Building Automation Suites with AI, Avoiding Its Seduction

Olubukola Omotayo, Director of Software and Quality Assurance at Home Trumpeter, built four complete automation suites using AI coding agents, covering functional UI testing, accessibility, and security, and came away with a clear conclusion: AI is a skill amplifier, not a replacement for judgment. The session covered where AI genuinely accelerates automation, where it cannot assess risk based on dynamic context, and why its greatest danger is what it convinces you to stop questioning.
The "Verifier" Pattern: Why Autonomous Agents Fail in QA and How to Fix Them

Most LLM agents writing tests fail because they are treated as black-box creators, and "mostly correct" is not good enough in high-stakes engineering. Shankha Subhra Bagchi, Vice President at Blackrock, introduced the Verifier Pattern: a decoupled architecture where a generator agent is governed by a separate, constraint-based verification layer. The practical outcome is a self-healing loop that moves QA from human-in-the-loop to human-on-the-loop, cutting AI debt and maintenance overhead in the process.
Multi-Agent Swarms for Autonomous Edge-Case Discovery

Standard automation tests what you already know to look for. Ishan Katoch demonstrated what happens when you turn a multi-agent framework loose on a production UI with the sole objective of breaking it. He walked through a QA Swarm architecture with three specialised agent roles: an Explorer to map DOM state, an Attacker to inject chaotic inputs, and an Observer to log exactly when and how the system fails, and showed how to deploy the whole thing against your own staging environments.
From Manual to AI-Augmented

The shift from manual test design to AI-augmented coverage is already happening inside real engineering teams.
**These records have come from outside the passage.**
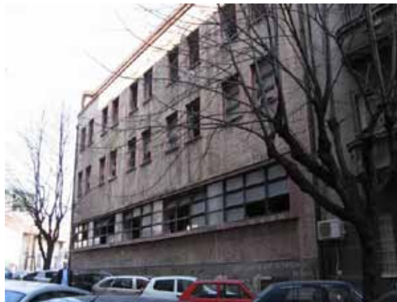
Sl. 34. Soko Štark

Predstavnici kinematografskih objekata na teritoriji opštine su bioskopi „Slavica“ i „Drina“. Bioskop „Slavica“ nalazi se u ulici Marijane Gregoran u centru beogradskog naselja Karaburma (Sl. 35, 36). 232 To je namenski projektovan bioskopski objekat, građen 1970. godine. Osim što je privatizovan, bioskop Slavica je danas van upotrebe i u potpunosti zapušten. Loše stanje u kome se objekat nalazi još više dolazi do izražaja u odnosu na lepo uređen park u kome je lociran, kao i u odnosu na osnovnu školu u neposrednom susedstvu. 233
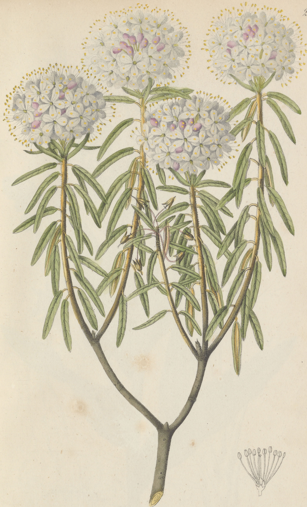
Ledum palustre Linné. Pinney. Flor. II L.
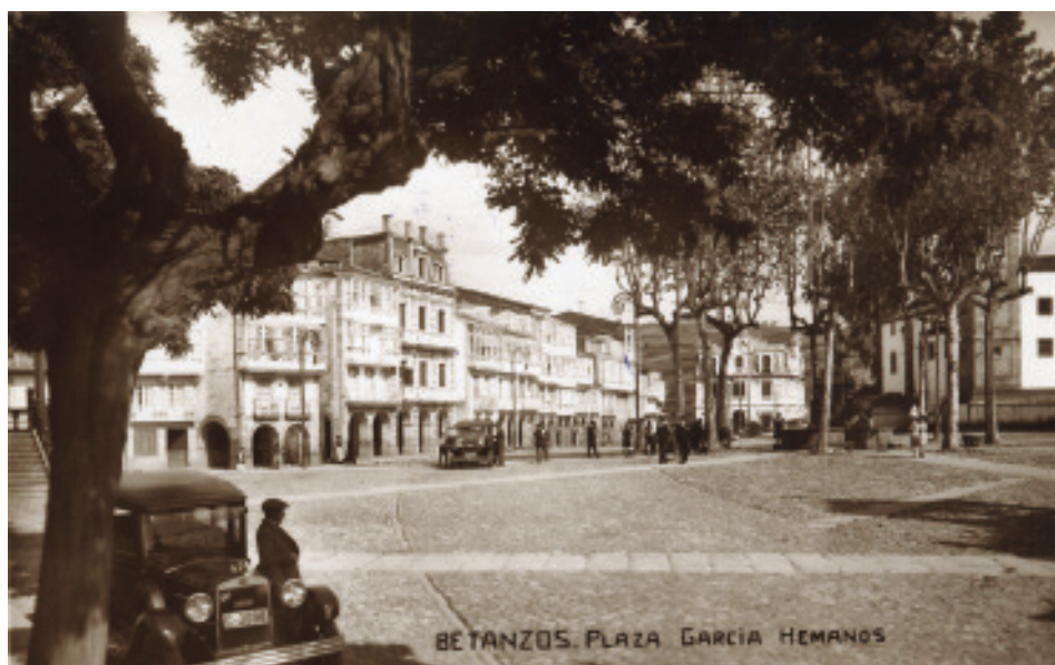
Anónimo (ca.1930). A Plaza García Irmáns en torno aos anos trinta.

de Sobrado, pero ante a orde de Felipe II se esixen unhas características que, grosso modo , consistían en que cada árbore tiña que ter unha altura de tres varas -aproximadamente dous metros e medio- e un grosor de un venablo -aproximadamente 0,55 centímetros 11 .
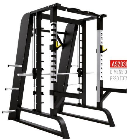
AS2038 MULTIPOWER / SENTADILLA DIMENSIONES: L: 224 x A: 219.5 x Al: 219 cm. PESO TOTAL: 258 kg.
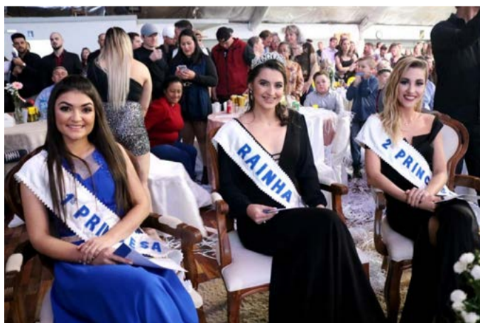
Soberanas repassaram faixas após quatro anos de representatividade
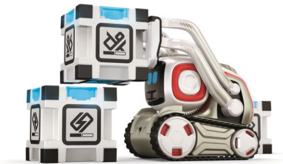
【 パワーキューブを積み上げる 】
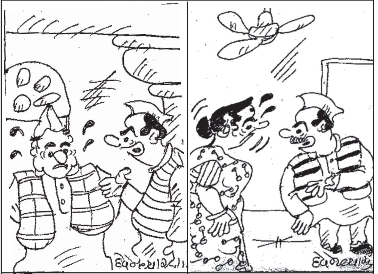
પ્રજાનું લોહી પીસે છે તો તને બ્લડપ્રેસર તો રહેશે જ ને?

નેતાઓનું પ્રતિનિધિમંડળ જે સંભલ જવાનું હતું તેમાં યુપી વિધાનસભામાં વિરોધ પક્ષના નેતા માતા પ્રસાદ પાંડે પણ સામેલ હતા, જેમણે પૂછ્યું હતું કે ‘સરકાર સંભલમાં શું છુપાવવા માંગે છે?’ તેણે કહ્યું કે પહેલા તેણે શુક્રવારે જવાની યોજના બનાવી હતી, પરંતુ પ્રશાસને તેને ત્રણ દિવસ રોકાવાનું કહ્યું હતું, અને કહ્યું હતું કે શુક્રવારે શાંતિ ભંગ થવાનો ભય હતો, પરંતુ હવે પણ તેને જવા દેવામાં આવી નથી. માતા પ્રસાદ પાંડેએ કહ્યું કે સંભલની દરેક ગલીમાં પ્રેસના લોકો ફરે છે, એકલા સપાના પ્રતિનિધિમંડળથી શું ખતરો છે? તેમણે કહ્યું કે, હું વિપક્ષનો નેતા છું. હજુ સુધી કોઈ પ્રશાસનિક અધિકારી દ્વારા મને કોઈ નોટિસ આપવામાં આવી નથી.
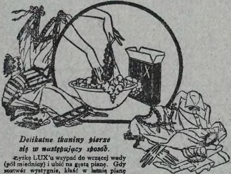
Delikatne tkaniny pierze się w następujący sposób.

Sztuczny jedwab wymaga specjalnej troskliwości przy praniu, gdyż będąc wilgotnym jest specjalnie wrażliwym i z łatwością może być uszkodzonym.
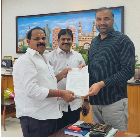
ఇండస్ట్రియల్ పార్క్ ఏర్పడితే ఇక్కడి ప్రజలకు ఉపాధి దొరుకుతుందని భూములు ఇచ్చారు కానీ ఏకో టౌన్
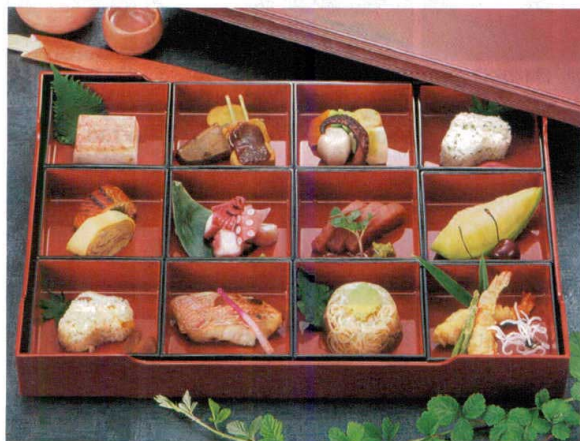
⑫ 尺7寸長手干筋会席松花堂用12点仕切 ¥7,200 (50×37.8×7) 梱10 (643-6を12分使用)

Ricardo Cristalli walked through practical strategies for implementing AI augmentation without losing test quality, covering what the change actually means for how QA teams think about coverage, risk, and day-to-day test design decisions.
Build Your Own Testing Playground: How QAs Can Grow Automation Skills by Creating Simple Apps

QA engineers who want to practice automation consistently hit the same wall: no stable system to test against. Bruno Nascimento de Figueiredo, QA Automation Engineer at Mestre QA, answer was to build one. A local API becomes a training ground for contract validation, error handling, and backend automation. A small frontend becomes a safe environment for UI selectors and end-to-end flows. He walked through a real student example and gave attendees a clear starting point they could act on the same day.
All Sessions Are Free to Watch
Day 3 delivered what the first two days set up: the technical detail to actually act on the vision. Two masterclasses gave engineers working architectures for production-grade AI testing. Fourteen practitioners shared what they built, what they measured, and where they drew the line on letting AI do the thinking for them.
That was Breakpoint 2026. Three days, across AI-native quality engineering, enterprise-grade proof, and practitioner blueprints. All sessions are free for registered attendees.